PROBLEM TO WORK ON:
Transcribe only what runs from the line containing "The monthly trends" through the end of the listing, line for line and exactly, and omit the pictures.
Start of ENTRIES SHOWN
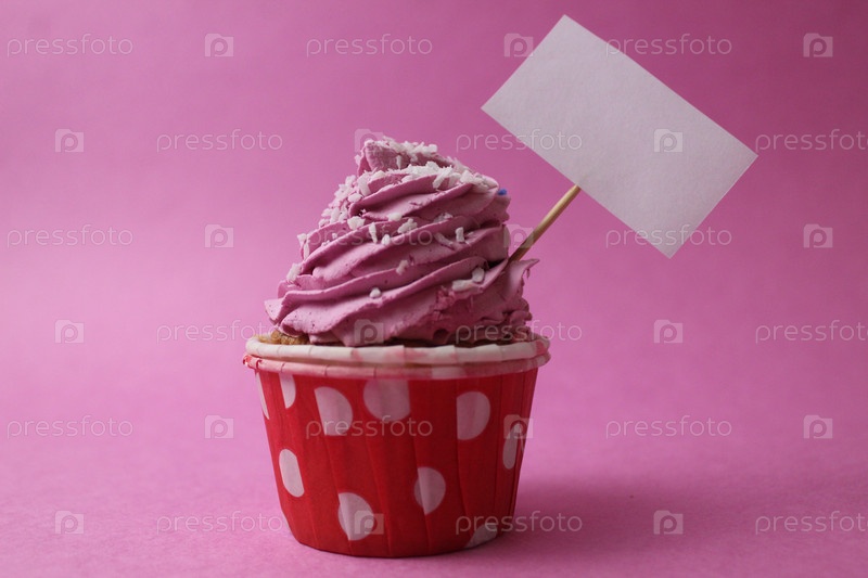 Кексовый торт с розовым кремовым топом на розовом фоне с местом для текстового макета. Сладкий, калории, сахар, праздник, день рождения, приветствие. фуксия сиреневая
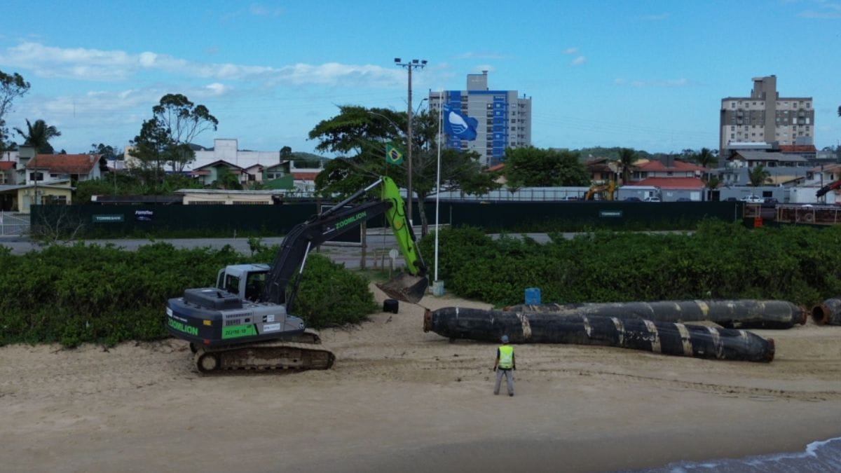 Foi feita na segunda-feira (19) uma das etapas mais importantes das obras de alargamento da praia de Balneário Piçarras: o lançamento da linha de recalque da tubulação, que será executado em três pontos ao longo da orla.
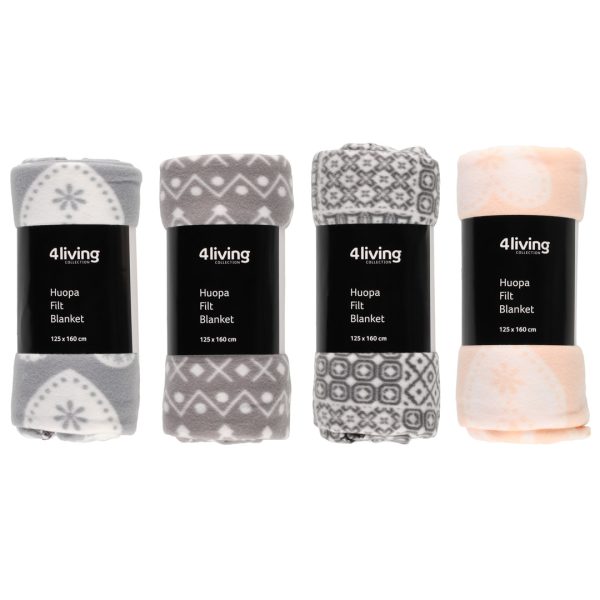 Mykt og varmt fleeceteppe. Størrelse 125 x 160 cm. Vaskes på 40 grader. 4 forskjellige farger/mønster assortert. Priset pr stk.
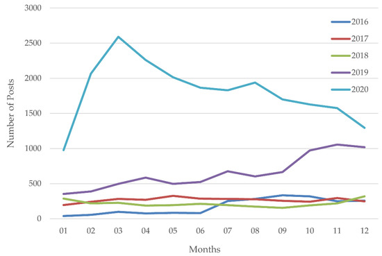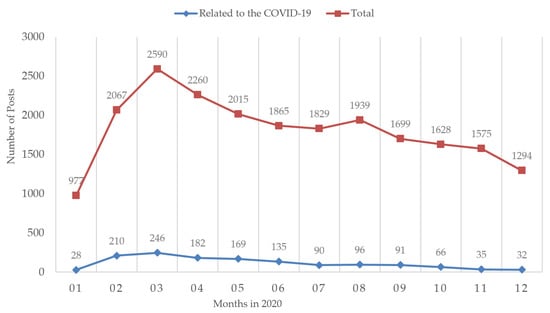 The monthly trends of the number of PHS posts during the COVID-19 pandemic.
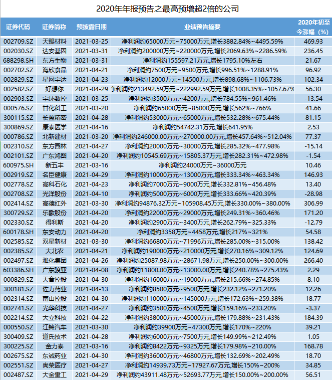 剔除扭亏公司,有36家公司预计2020年全年归属于上市公司股东的净利润最高增长超过2倍,其中,6家公司预计净利润最高增长幅度超过10倍。这些公司分别是天赐材料(002709.SZ)、达安基因(002030.SZ)、东方生物(688298.SH)、海欣食品(002702.SZ)、星网宇达(002829.SZ)、好想你(002582.SZ),2家医疗器械公司、2家食品饮料公司、1家化学制品、1家航天装备。
End of ENTRIES SHOWN
SOLUTION TO THIS PROBLEM:
 The monthly trends of the number of PHS posts during the COVID-19 pandemic.
 剔除扭亏公司,有36家公司预计2020年全年归属于上市公司股东的净利润最高增长超过2倍,其中,6家公司预计净利润最高增长幅度超过10倍。这些公司分别是天赐材料(002709.SZ)、达安基因(002030.SZ)、东方生物(688298.SH)、海欣食品(002702.SZ)、星网宇达(002829.SZ)、好想你(002582.SZ),2家医疗器械公司、2家食品饮料公司、1家化学制品、1家航天装备。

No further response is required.